= Jam Saqi case =

The Jam Saqi trial (or Jam Saqi case), was a political and judicial program in the history of Pakistan marked by a rise of widespread fear of expansion of communism and the socialism. There were series of federal investigations led by the FIA and federal prosecution trials conducted by the specialized military courts in which the leaders of the communist and socialist parties were accused of plotting to overthrow the military government in order to install a socialist system.

During this period, thousands of Pakistani political workers and dissidents were accused of being communists, and hatching a plot against the martial law which was in effect since 1977. The first trial implicated in 1980 and all trials were conducted at the special sessions held at the Karachi Central Jail. Primarily, the leaders of the communist party were convicted whilst socialists were acquitted from the trial in the mid 1980s.

==Origins==
===Communism and struggle===

The historical judicial period that has come to be known as "Jam Saqi case" began well before the trial was launched in the 1980s. Many factors contributed to this inquiry, some of them extending back to the year 1950 with the first case, further amplified by Communism's emergence as a recognized political force. After the general elections held in 1977, the military imposed martial law throughout the land to ease the social unrest in the country. The Pakistan Peoples Party (PPP), Communist Party of Pakistan (CPP), and other leftist political parties condemned the act. Unofficially, the PPP government destroyed the ban on the CPP; as a result, the presence of communist literature in Pakistan became stronger.

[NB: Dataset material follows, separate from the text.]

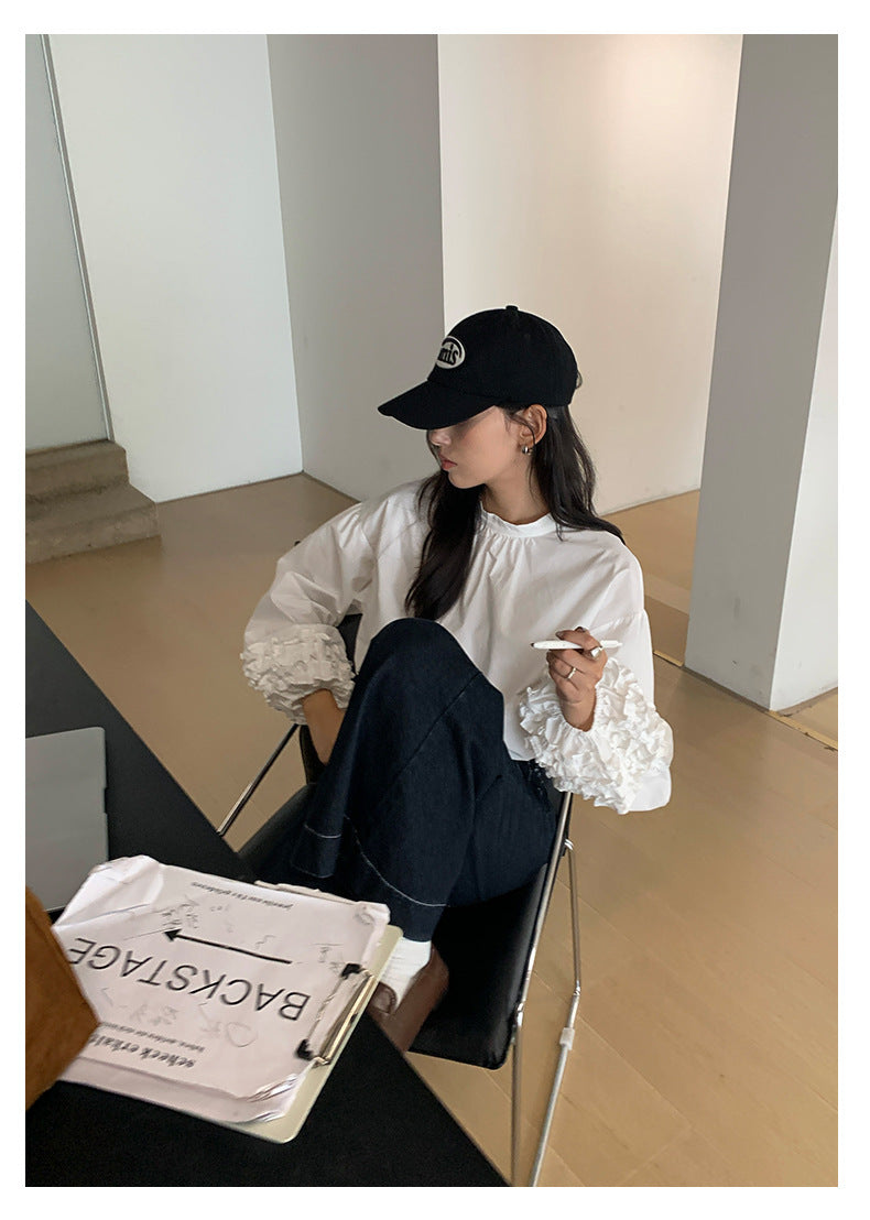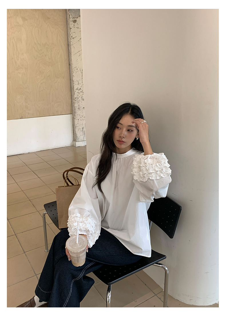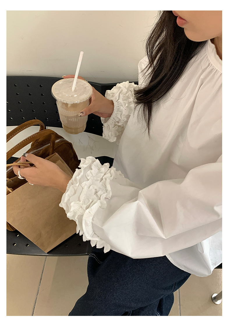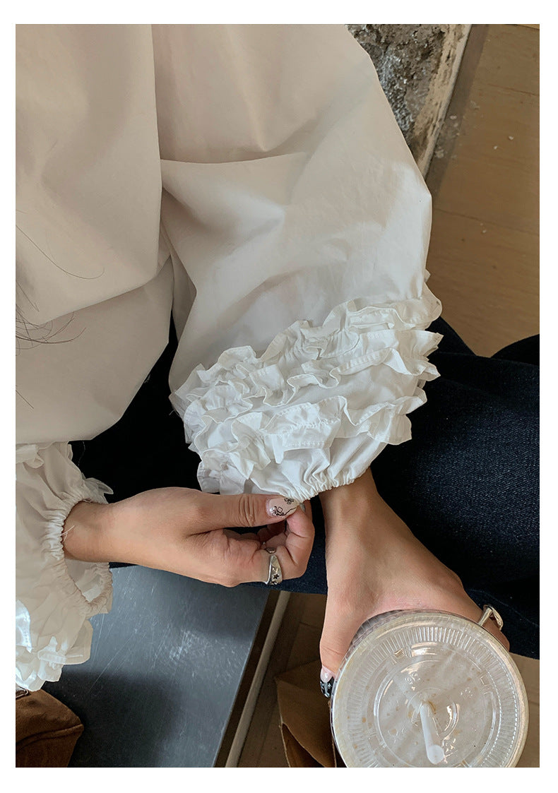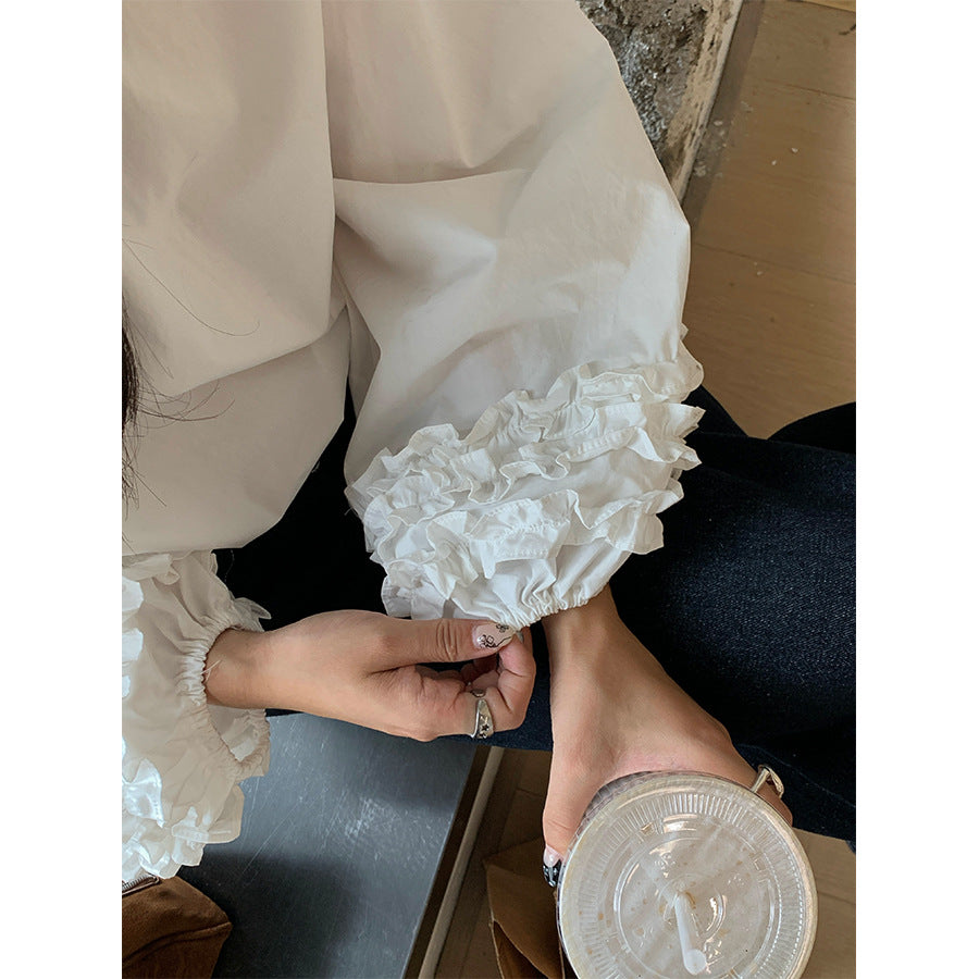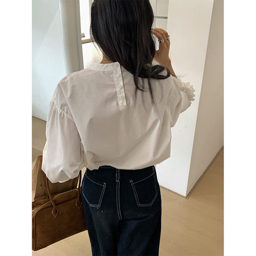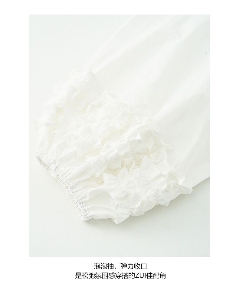 【H5415】實拍韓系早秋設計款棉質荷葉燈籠袖襯衫250909

On the other hand, the right-wing groups further consolidated in opposition to the socialist influence in the country. The extremism on both sides grew as did support for a statutory prohibition of such activities in the 1980s. The USSR's invasion of Afghanistan gave President Zia-ul-Haq an opportunity to legitimatize his regime in the country with the Western support.

In 1978, the FIA arrested communist leader, Jam Saqi, and raided two houses in Karachi. Saqi was booked for a trial set up by the military government in 1980 . In addition, the FIA director Azam Qazi ordered his agents to begin gathering information on the leftist groups uniting under a common platform; all were acquitted in the trial by the federal prosecutors. This marked the second case against the Communist Party of Pakistan; the first was the Rawalpindi Conspiracy case instituted in the 1950s.

Under this program, a few of the more notable people who were blacklisted or suffered some other persecution are listed here:

- Jam Saqi— Secretary-General of the Communist Party of Pakistan (CPP)
- Benazir Bhutto – Chairperson of the Pakistan Peoples Party
- Abdul Wali— President of Awami National Party (ANP)
- Ghaus Bux Bizenjo— Intellectual and politician
- Sohail Sangi— Journalist
- Mirage M. Khan – Communist activist of the PPP
- Nazeer Abbasi— Communist activist of the CPP
- Kamal Warsi— Journalist
- Shabbeer shar— journalist

Primarily, the investigations and inquiry focused on the Communist Party's Secretary-General, Jam Saqi. Although, the inquiries were expanded to the left-wing parties of the country, whereas Benazir Bhutto repeatedly appeared in the military courts sessions led by Colonel Atiq Hussain. She was inquired from 27 March until 29 March 1983, after being cleared by Colonel Atiq. At one point, Benazir Bhutto, in the defense of Saqi, declared that "she did not accept the military courts." She further testified that "Jam Saqi is a patriotic citizen of the state" and demanded his release. Other accuses were Karachi University's professor Jamal Naqvi, Amar Lal, journalists Sohail Sangi, Badar Abro, Kamal Warsi and Shabbir Shar. Jam Saqi was arrested on 10 December 1978 but was implicated in this case which was lodged about two years later. Naqvi, Abbasi, Warsi and Shar were arrested on 30 July 1980, while Sangi was arrested on 31 July 1980.

==Participants==
- Defense witnesses: Top political leadership including Ms Benazir Bhutto, Mir Ghaus Bux Bezinjo, Khan Abdul Wali Khan, Maulana Shah Mohammed Amroti, Mairaj Mohammed Khan, Fatehyab Ali Khan, among the journalists Minhaj Burna, Afzal Siddiqui, Shaikh Ali Mohammed, Shaikh Aziz, Abdullah. J Memon then commissioner, Abdul Ghani Dars (Journalist) and others appeared as defense witnesses.
- Defense Counsels: The defense counsels were Abdul Wadood, Mohammed Yousuf Leghari, Akhtar Hussain, Ali Amjad Advocate and Shafi Mohammedi.